Second, Duric contends that the Seventh Circuit's holding in Sobczak-Slomczewski—that the 14-day time limit in Bankruptcy Rule 8002(a)(1) is a jurisdictional requirement that may not be forfeited or waived, as opposed to a mandatory claim-processing rule that may be forfeited or waived—cannot be reconciled with the Supreme Court's subsequent decision in Hamer v. Neighborhood Housing Servs. of Chi., 138 S. Ct. 13 (2017). Hamer did not address Bankruptcy Rule 8002(a)(1); rather, it held that Appellate Rule 4(a)(5)(C), which concerns extensions of time to file a notice of appeal, is a mandatory claims-processing rule and not a jurisdictional requirement. Hamer, 138 S. Ct. at 19-22. Because Hamer did not address Bankruptcy Rule 8002(a)(1), let alone hold that it is a mandatory claims-processing rule rather than a jurisdictional requirement, this court must follow Sobczak-Slomczewski—even if, as Duric argues, Hamer's rationale undercuts Sobczak-Slomczewski's rationale or erodes its foundation.
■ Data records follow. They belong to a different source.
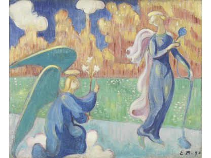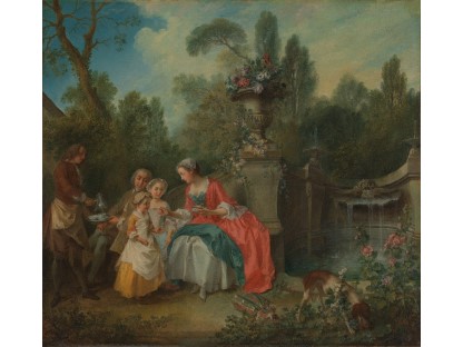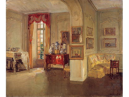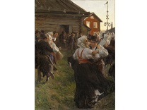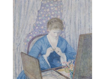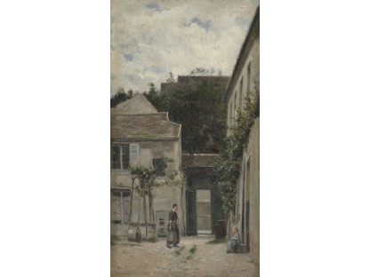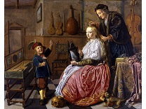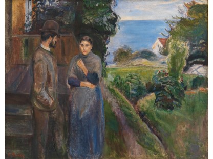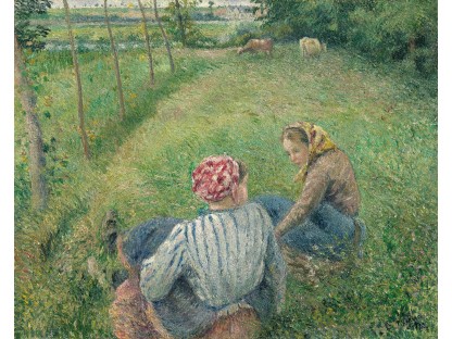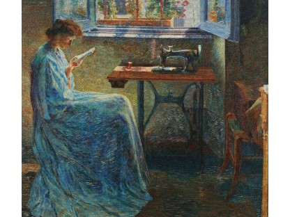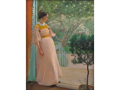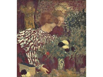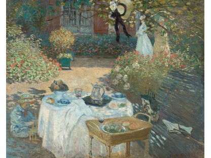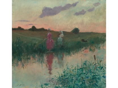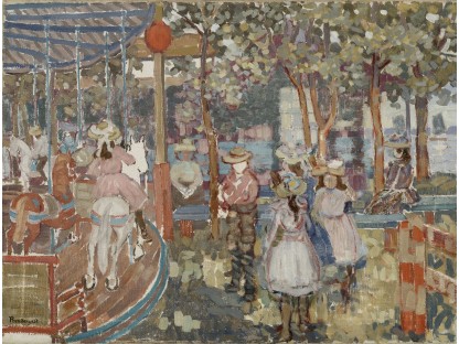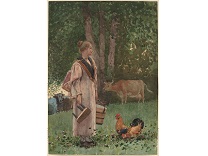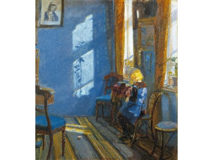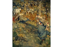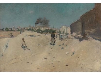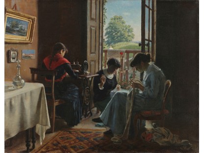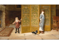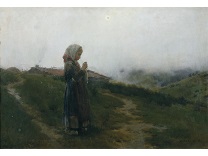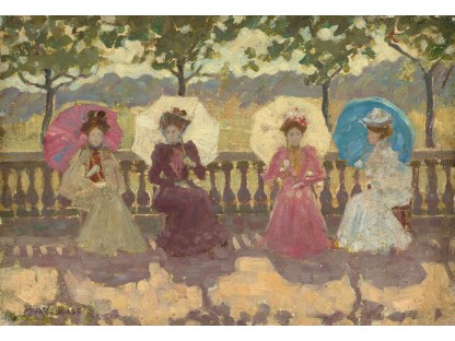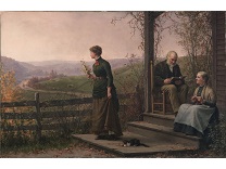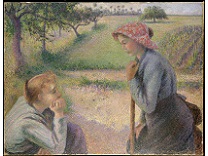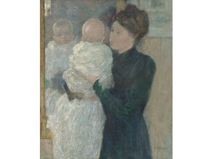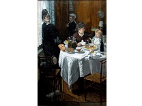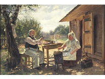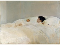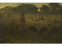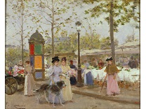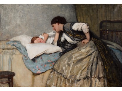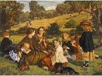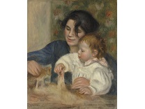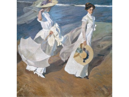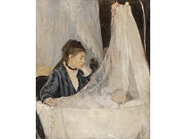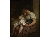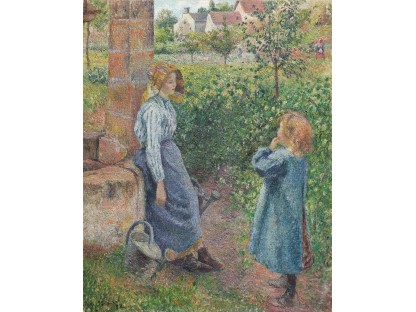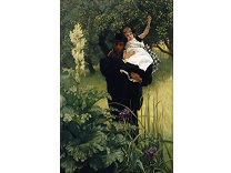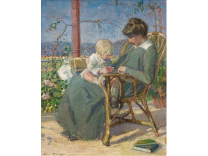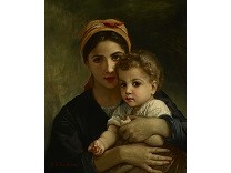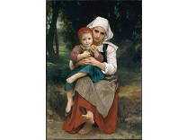 此画描绘了一个阳光明媚的清晨,母亲和孩子散步场景,充分表现了人物的惬意心情以及其中的微风、蓝天的那种恬静美好。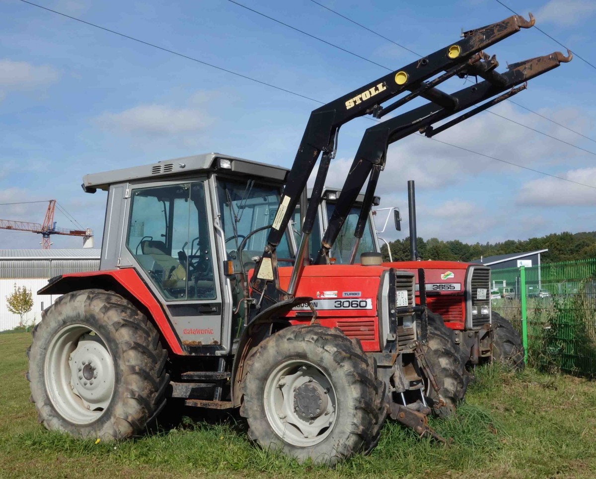 MF 3060 und 3655 stehen bei einem Landmaschinenhändler in Burghaun-Gruben im Oktober 2015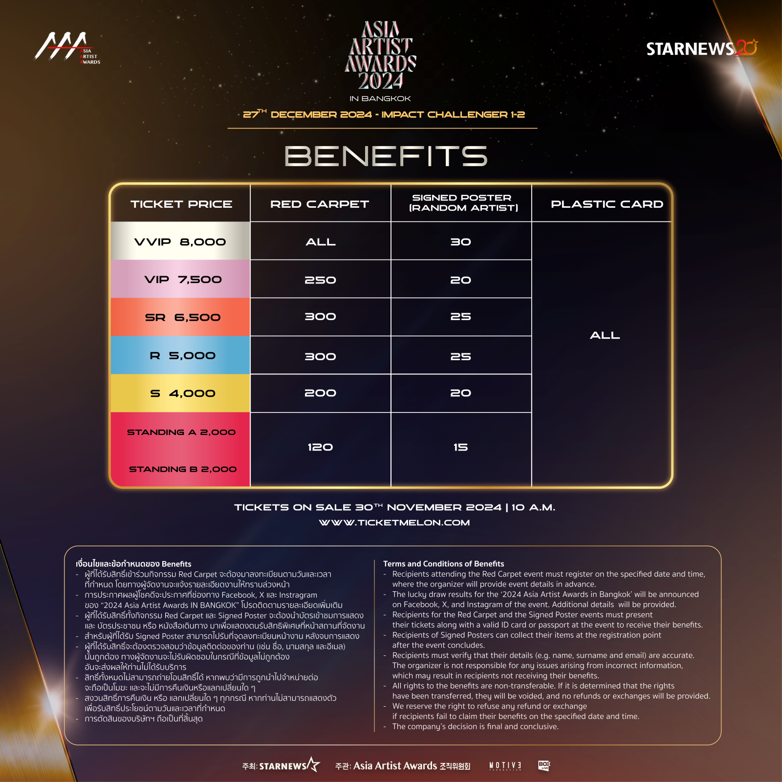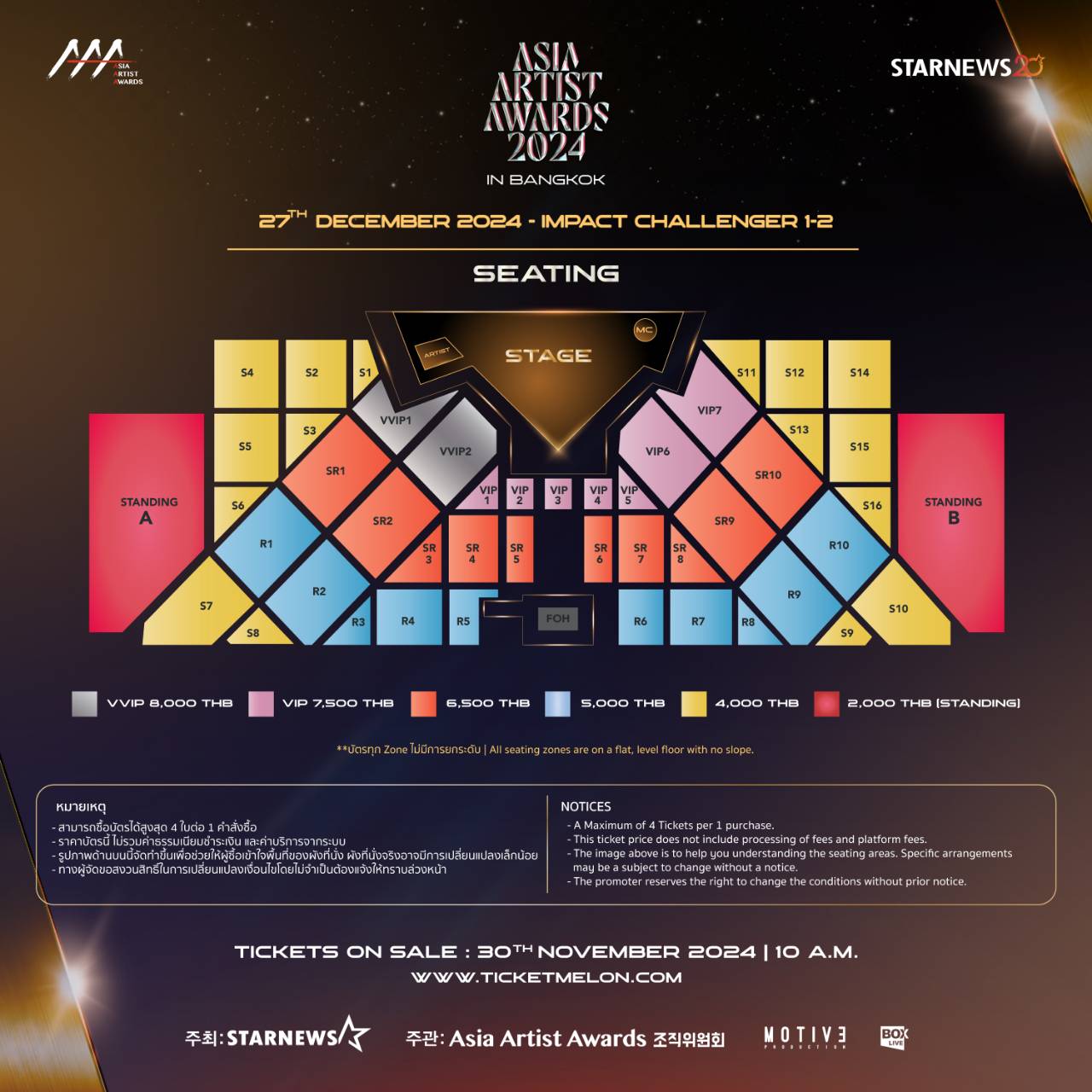 🎫 Tickets Price: VVIP THB 8,000 / VIP THB 7,500 / THB 6,500 / THB 5,000 / THB 4,000 / THB 2,000 (standing)

See Reiser v. Residential Funding Corp., 380 F.3d 1027, 1029 (7th Cir. 2004) ("In a hierarchical system, decisions of a superior court are authoritative on inferior courts. Just as the court of appeals must follow decisions of the Supreme Court whether or not we agree with them, so district judges must follow the decisions of this court whether or not they agree.") (citations omitted); A Woman's Choice-E. Side Women's Clinic v. Newman, 305 F.3d 684, 687 (7th Cir. 2002) ("[O]nly an express overruling relieves an inferior court of the duty to follow decisions on the books."); see also Price v. City of Chicago, ___ F.3d ___, 2019 WL 580263, at *3, *10 (7th Cir. Feb. 13, 2019). In any event, there are solid grounds to believe Hamer does not, in fact, undercut Sobczak-Slomczewski. See In re Wilkins, 587 B.R. 97, 100-07 (9th Cir. BAP 2018) (holding, under Hamer, that Bankruptcy Rule 8002(a)(1)'s time limit is jurisdictional because it is codified in a statute, 28 U.S.C. § 158(c)(2), and articulated in jurisdictional language); In re Jackson, 585 B.R. 410, 414-20 (6th Cir. BAP 2018) (same).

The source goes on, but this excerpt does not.